Всем привет!
Скучали? Уверен, что нет! Но так или иначе, вашему вниманию представляется ещё один раунд, к подготовке которого я приложил руку. Добро пожаловать в мир безыдейных задач, заунывно длинных и скучных условий и плоских шуток в анонсах.
В этот раз раунд для вас готовили Ильдар Гайнуллин (300iq) и я (ну мне стыдно делать ссылку с этим цветом, сами знаете, кто). Мы хотим поблагодарить Владислава Исенбаева (winger), Константина Семёнова (zemen), Алексея Шмелева (ashmelev), Ивана Смирнова (ifsmirnov) и Александра Фетисова (AlexFetisov) за прорешивание раунда и помощь в подготовке. Также отдельная благодарность отходит Николаю Калинину (KAN) за его помощь в роли координатора и, конечно, MikeMirzayanov за polygon и codeforces.
Мы очень надеемся, что вам понравятся задачи, удачи на контесте!
UPD. Также спасибо akvasha за то, что любезно дополнил наш проблемсет своей задачей.
UPD 2. The contest is over, congratulations to winners!
Div. 1:
Div. 2:
Here are editorials.
Man! I need such sense of humour!
Anyways, GL and HF.
Guess who is more pr0?me me me. Do you even code bro?
how to get a better Contribution?
stop commenting or you will get more down vote :)

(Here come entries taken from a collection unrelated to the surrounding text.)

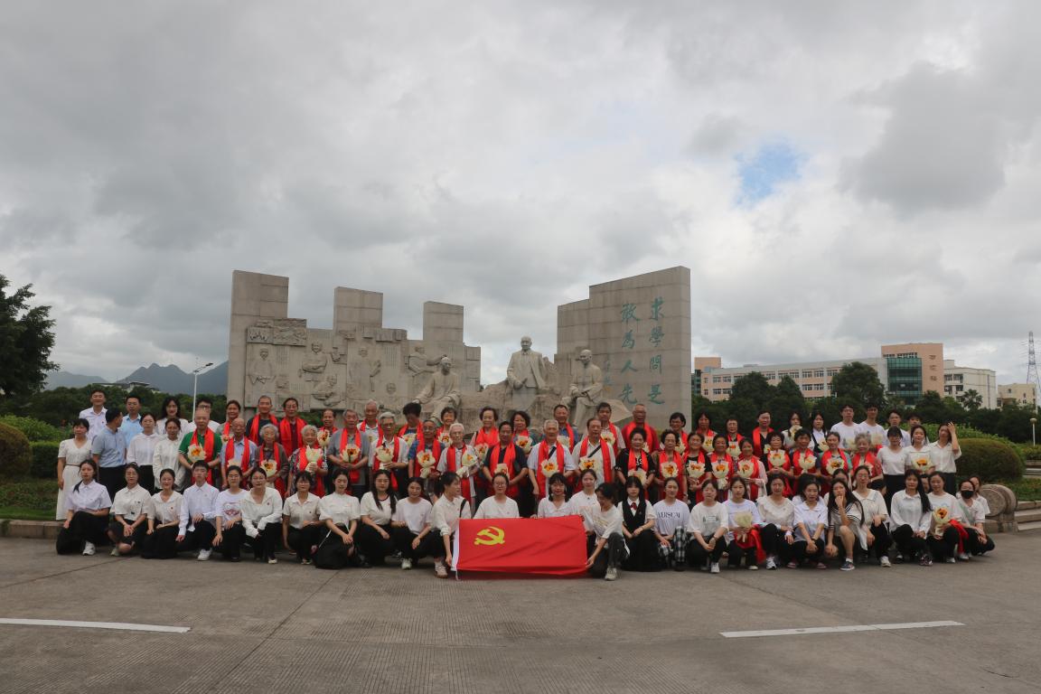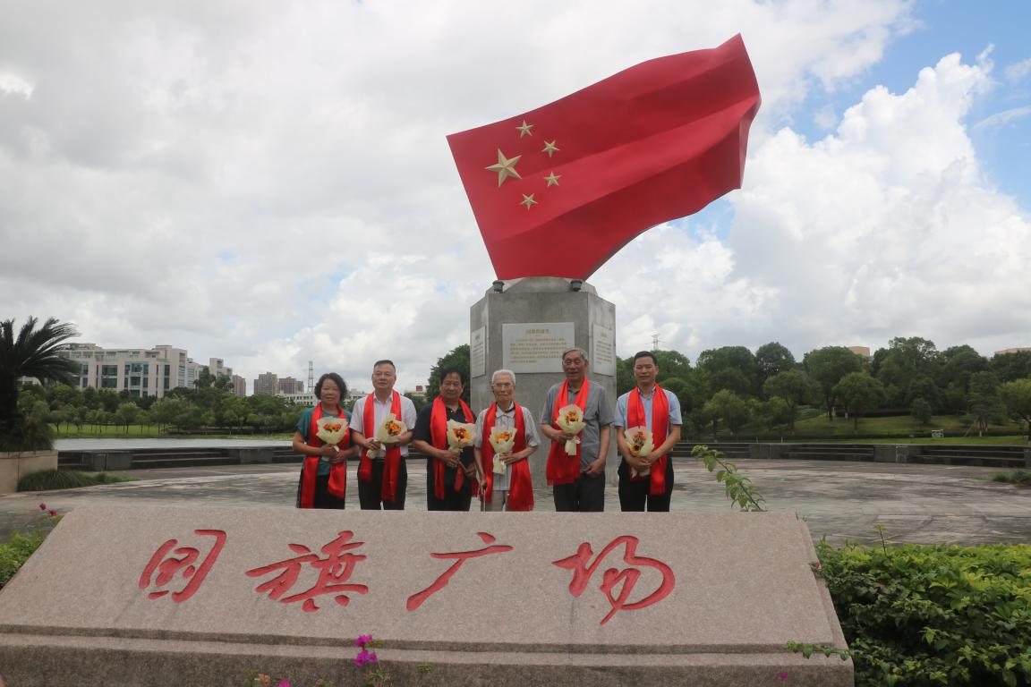 在全国高校首家国旗广场,新老党员们合唱《没有共产党就没有新中国》,以激昂的歌声充分表达对党和国家的热爱,并再次合影留念。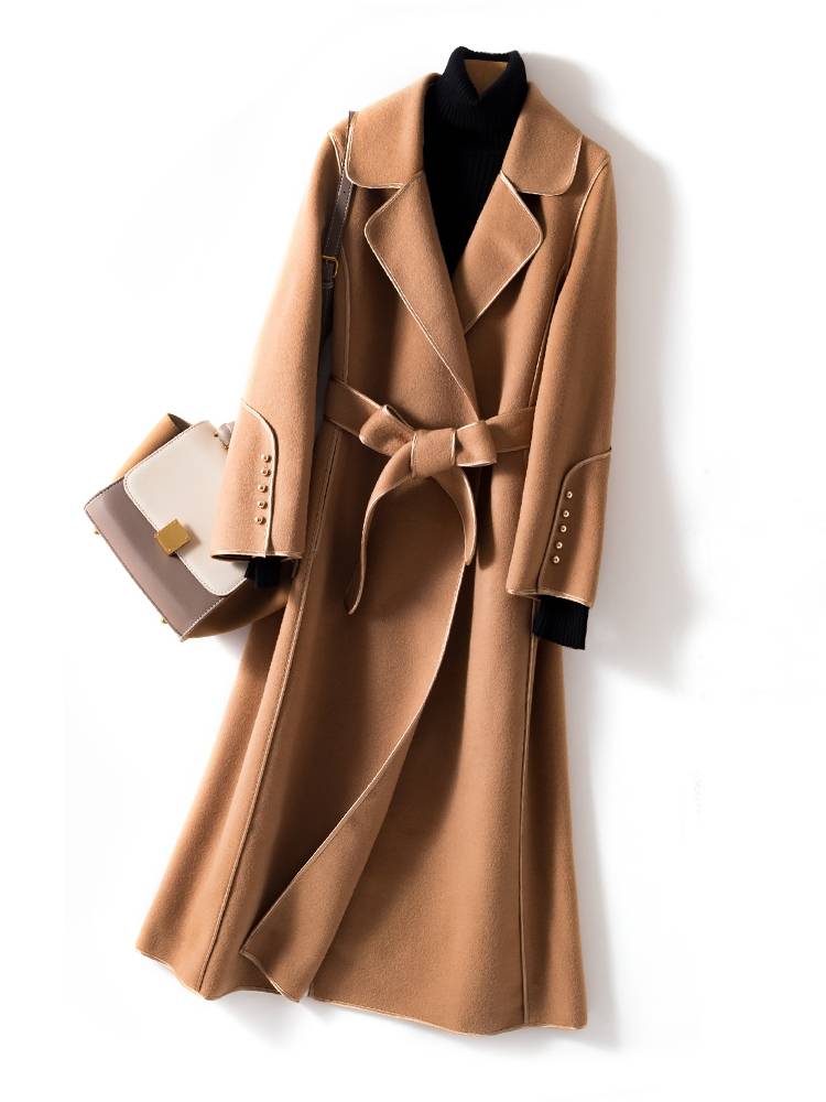 2019秋季新款品牌女装英伦气质纯色长袖西装领双排扣女式风衣外套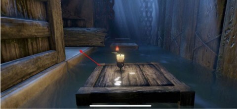 3、一处可推动的漂浮木盖板,推开后跳上去就能找到一根可爱的隐藏蜡烛。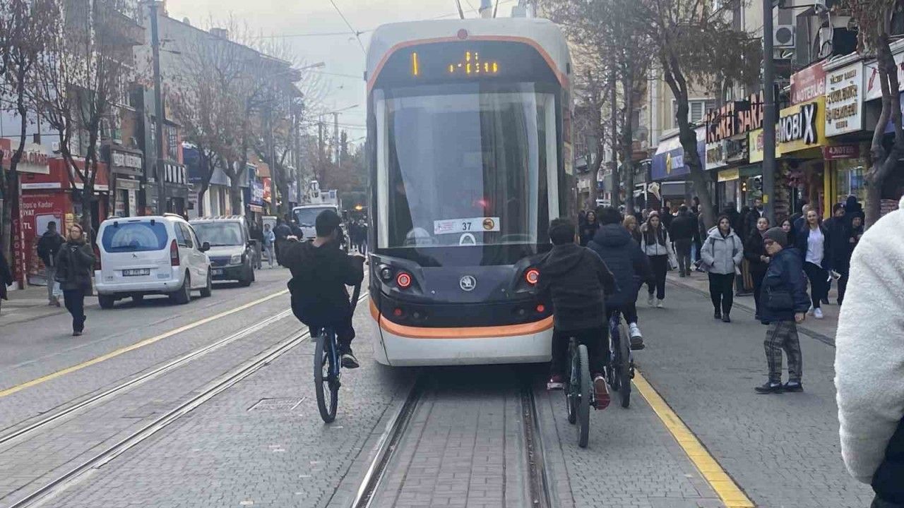 Eskişehir’de 3 bisikletli çocuğun tramvayın arkasına tutunarak seyrettiği ve canlarını tehlikeye attığı anlar görenleri endişelendirdi.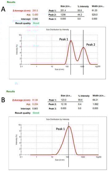 The culture medium collected after a 24 h incubation of the cell line in serum-free medium was found to contain a population of large EVs (peak 1 at 201.4 nm and peak 2 at 1256 nm in diameter, isolate at 15,000× g; Figure 2A) and small EVs (peak 1 at 123 nm in diameter, isolated at 110,000× g; Figure 2B).

"Добро пожаловать в мир безыдейных задач, заунывно длинных и скучных условий"
Бррр, что-то страшно стало аж(
Пережил контест от адаманта и не упал в синие!!!
Когда попал в мат. ожидание места
Контесты adamant — обосновано статистически.
Пожалуй пропущу...
Great Grand Duke Olexandr Kul’kov
I'm sorry but you have some small mistakes.
It's more correct to write Oleksandr (or Alex if you are lazy to write long words).
"Great grand" is a bit tautology. But if you mean that Oleksandr is a great guy then maybe it's ok.
Sources: link, standings of some competitions and wikipedia.
I hope my comment will help you :)
Logged in just to upvote you
Неееееет !!!
When the announcement is so exciting, I bet the contest will be awesome!
Пожалуй не буду участвовать
Ты думаешь, тебе было куда дальше падать?)
Welcome to the world of extremely unoriginal problems, awkwardly long and boring statements and trifling jokes in anouncements.
sees some problems from his past contests
Okay I'm bracing myself :D
Isn't this clashing with Topcoder SRM 726 ?
Мой первый КФ будет от адаманта....
Сочувствую(
Мой восемьдесят третий КФ будет от адаманта....
Сочувствую(
Мой второй SRM (первый в div1) был от Пети, именно так я и побил рекорд по самой большой волатильности на топкодере)
how many number of problems will be there?
FUCK TC SRM. It is clashing with cf round so no way i'm missing it!!!
hope for no long queues. c:
awkwardly long problems??? why??? ):
negative comment seriously? do you really like them?:D
Nooooo... CF and SRM are clashing :/??? Seriously?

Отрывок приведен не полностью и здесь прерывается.